Here is how I figured it out. First I brought the Number one piston to TDC, Measured out 1.45" on a strip of tape and then struggled for 30 minutes trying to affix that onto the balancer (I have thin fingers and still could barely reach it.) Once I got that mess figured out, I back-probed the cam sensor. Using a volt-meter, I then proceeded to curse and yell and spit all over the engine compartment before I gave up and just turned the sensor until the cam light came on. The damned Volt meter was all over the place and never showed 0 volts for more than a second. I probably need a better volt meter but I just tossed all that out.
At this point I had already spent forever trying every socket, wobble, flex, angled thing in my toolbox to loosen the cam sensor; Im not giving up now! So after adjusting the sensor with a guess and a wish I set the TR6 in cam phasing mode and turned the key. It fired right up! From there the sensor was only slightly off according to the tach. I adjusted until I got it right at 3k and tightened the sensor down. The sensor actually had a very much narrower margin than I had thought. I think the margin between the car starting and not starting was less than an 1/8 of a turn.
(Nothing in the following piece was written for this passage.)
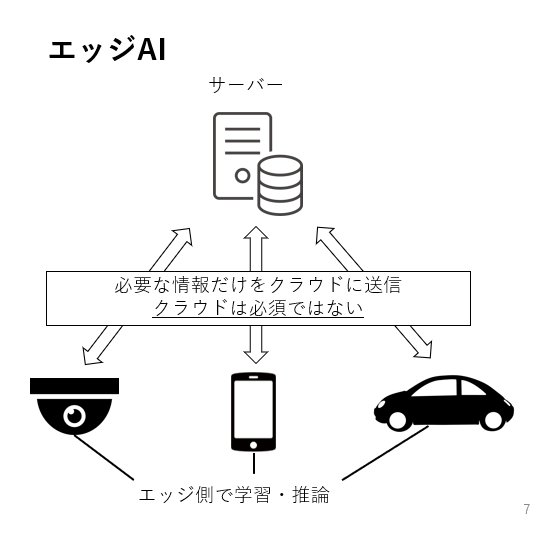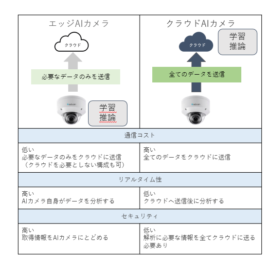 クラウドAIとエッジAIの2つのパターンがあります。即時性への対応には、クラウドAIは、クラウドに送られたのち分析するのに対し、エッジAIカメラ自身が行うため、エッジAI が有利です。

I was now way over my lunch break time but I drove the 2 miles to work and she ran great! Gave her one quick pull and man does this thing smooth out the powerband. Even Idling sounds better! Not sure yet if this will solve all those backfire issues I've been having but it definitely hasnt popped up any of the codes I'd been getting.
My one last question is about the cam phasing mode. When you turn the key to run without starting, the tach is supposed to settle on 3k. Mine settled at one "bar" above 3k which is either 3100 or 3200. I set the sensor according to that and it runs fine. Am I actually a little bit retarded right now and should set it down at 3k?